More than 10 years ago, he recalled, a career police officer who had a federal firearms license had run into problems with ATF. One ATF staffer apparently lied on the stand in a case involving the officer, whose career was endangered as retaliation.

Lesmeister noted calls for dismantling ATF and turning its duties over to another agency. He said no other agency can take on that burden, especially while the war on terrorism continues.

Another problem with ATF, he suggested, is a history of troubled operations, not the least of which was the raid on the Branch Davidians in Texas.

“Until Eric Holder is replaced,” he said, “I don’t think we can expect many changes in ATF’s attitude.”

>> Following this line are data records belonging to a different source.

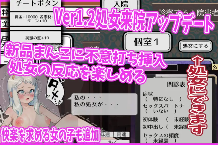 婦人科にやってくる普通の女の子たちを脱がせて、無防備な身体を堪能しよう。性器に触れ、採尿、診察。気に入った娘がいれば、おまんこにハメちゃおう。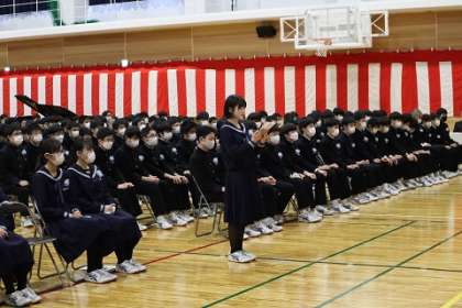 卒業生代表による答辞。コロナ禍で変更、制限の中での中学校生活でありながらも、その中でも学んだことをこれからに生かしていこうという前向きな気持ちを伝えてくれました。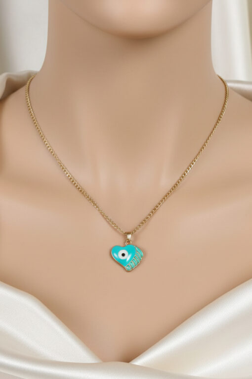 Charming Gold Heart Evil Eye Pendant Necklace in Turquoise Enamel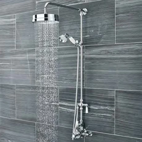 A classic Luxury Rigid Riser Kit with Exposed shower valve. Complete the look of your bathroom with a Designer rigid riser shower kit. It has a built-in diverter so you can switch between the fixed head or hand held shower. All kits comprise of exposed pipe work including a sliding rail, shower hose and shower head. Combined with the supplied exposed shower valve this rigid riser shower kit will enhance the appearance of any bathroom.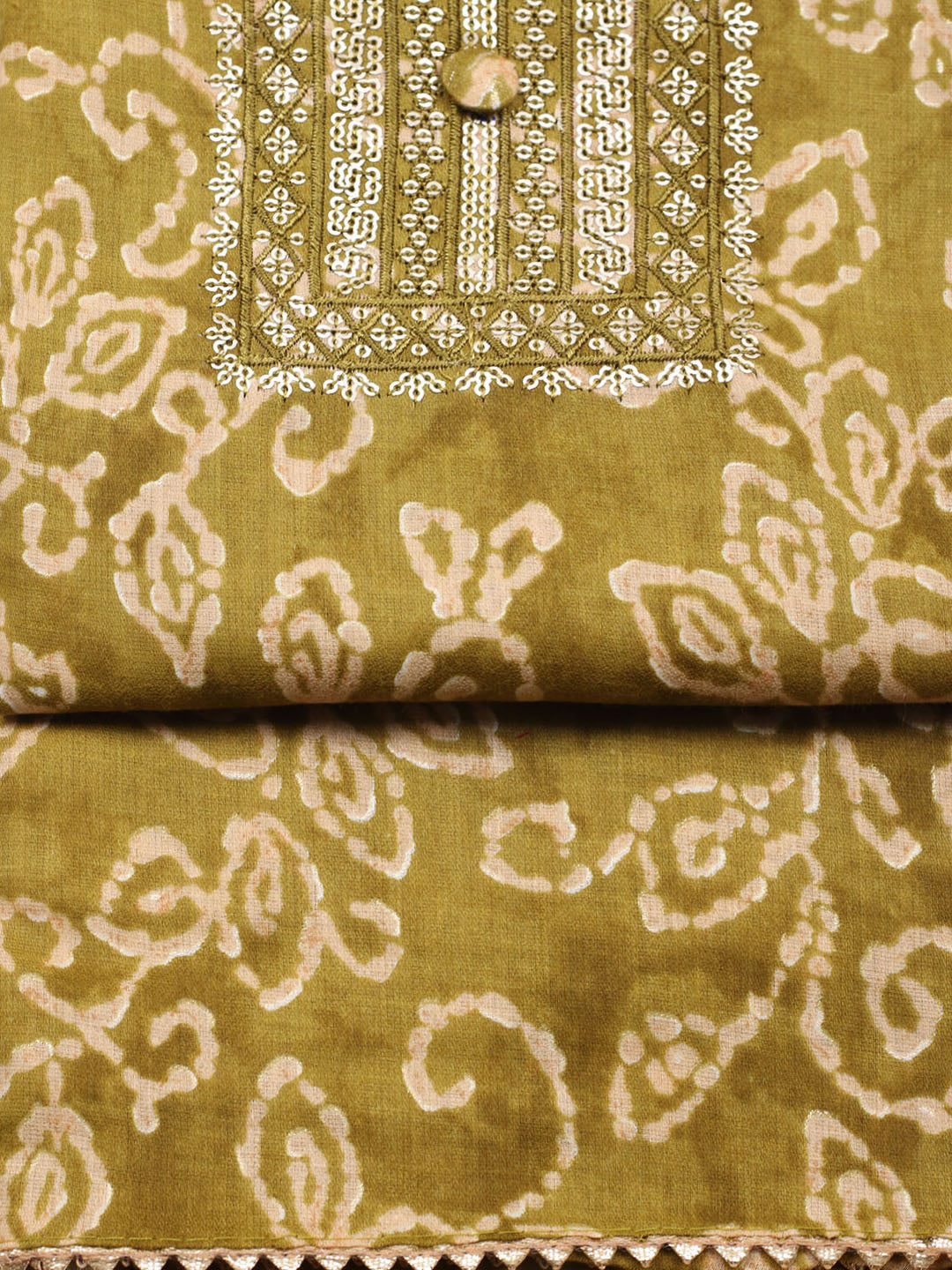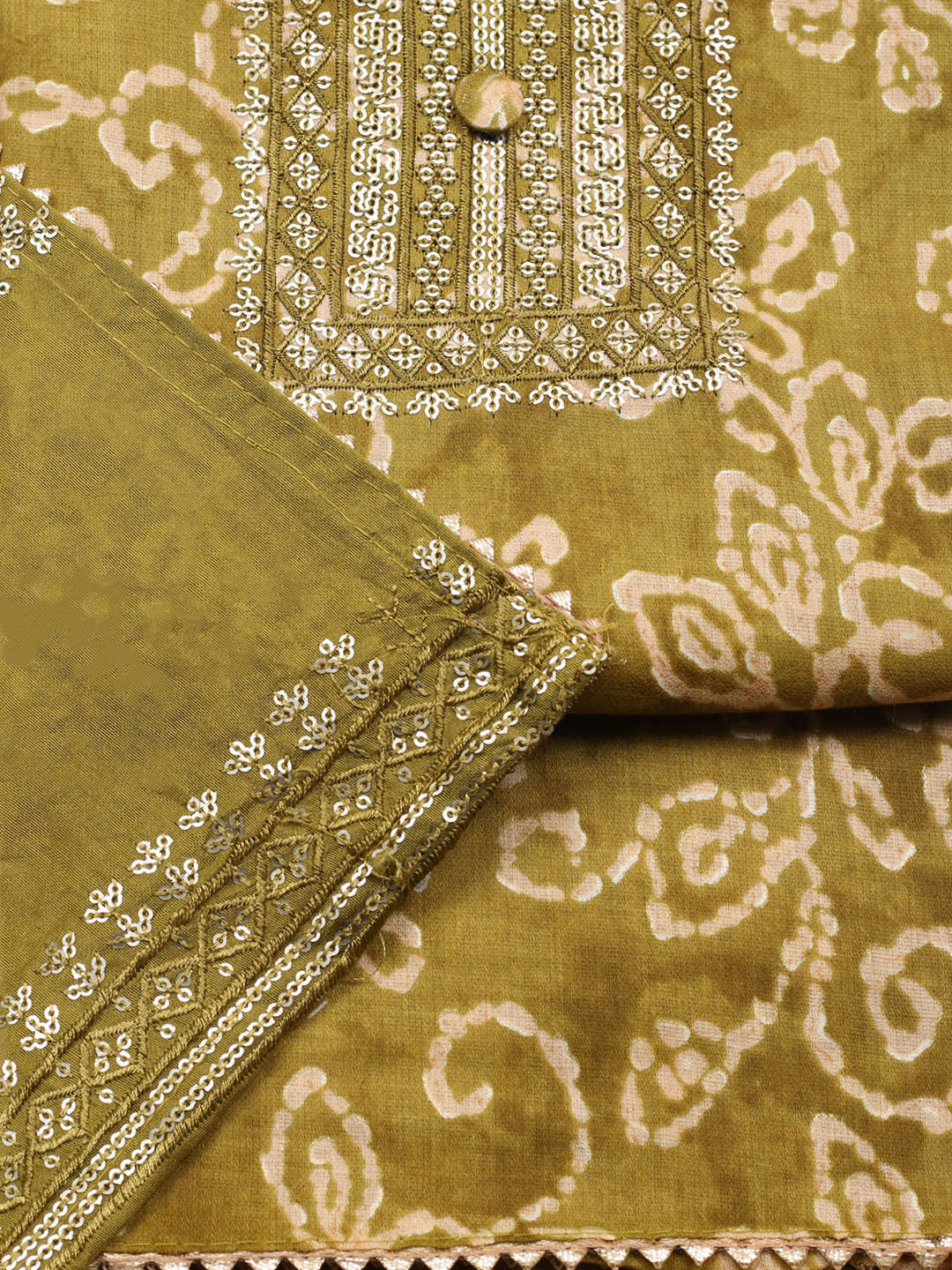 Embroidered Cotton Unstitched Suit With Pant & Dupatta

Andre Queen, executive director of the Chicago-based Fidelity Investigative Academy, said his group gets into trouble because it supports Second Amendment rights. The people running the government today learned their political skills in Chicago, and that this should “scare you.” He talked about the City of Chicago’s “convoluted” gun licensing program.

“The ordinance was created in such a way as to make it virtually impossible for people to get a permit,” he said.

Queen said people need to look at what’s happening in Chicago and the tactics used in that city to subjugate the citizens living in that city.

“We’re winning today, but we need to be vigilant,” he stressed.

He blamed City of Chicago politics for the fact that Illinois does not now have a concealed carry law or permit system.

“If Fast and Furious had not been found out,” he said, “the guns going across the border into Mexico would have been used as a rallying point to tell Americans how bad we should all feel for allowing American guns to…kill Mexican citizens, and because we’re Americans and we always take the moral high ground, we need to do something about it. And that would call for more gun control.”

He said that gunowners need to be unified and stay together. Anywhere gun laws hurt the rights of one gunowner, Queen added, it hurts all gunowners.

CCW & Gun Free Zones
The final panel of the day discussed concealed carry and gun free school zones, with Mark Walters, host of Armed American Radio, leading the segment.

He blamed media lies and how the Brady Campaign has lied about gun rights. Recalling the effort to open national parks to carrying firearms for personal protection, Walters noted that former Brady Campaign President Paul Helmke lobbied against the law, insisting that the nation could not allow more dangerous people to carry guns in parks.

“There are not more dangerous people in parks,” he said.

The same strategy is being used by Dennis Henigan, now acting Brady Campaign president, to oppose national concealed carry reciprocity. Average gunowners are not dangerous individuals, he said.

Walters recalled an incident in which he was the intended victim of an intended carjacking in Florida. He was armed that day, and after drawing his legally-carried pistol, the would-be carjackers “fled in a puff of blue tire smoke.”

“Carry on, carry often and carry everywhere,” he said.

Author Alan Korwin told the audience that he is from Arizona, where there is “constitutional carry,” and he called that “the next step for you guys.”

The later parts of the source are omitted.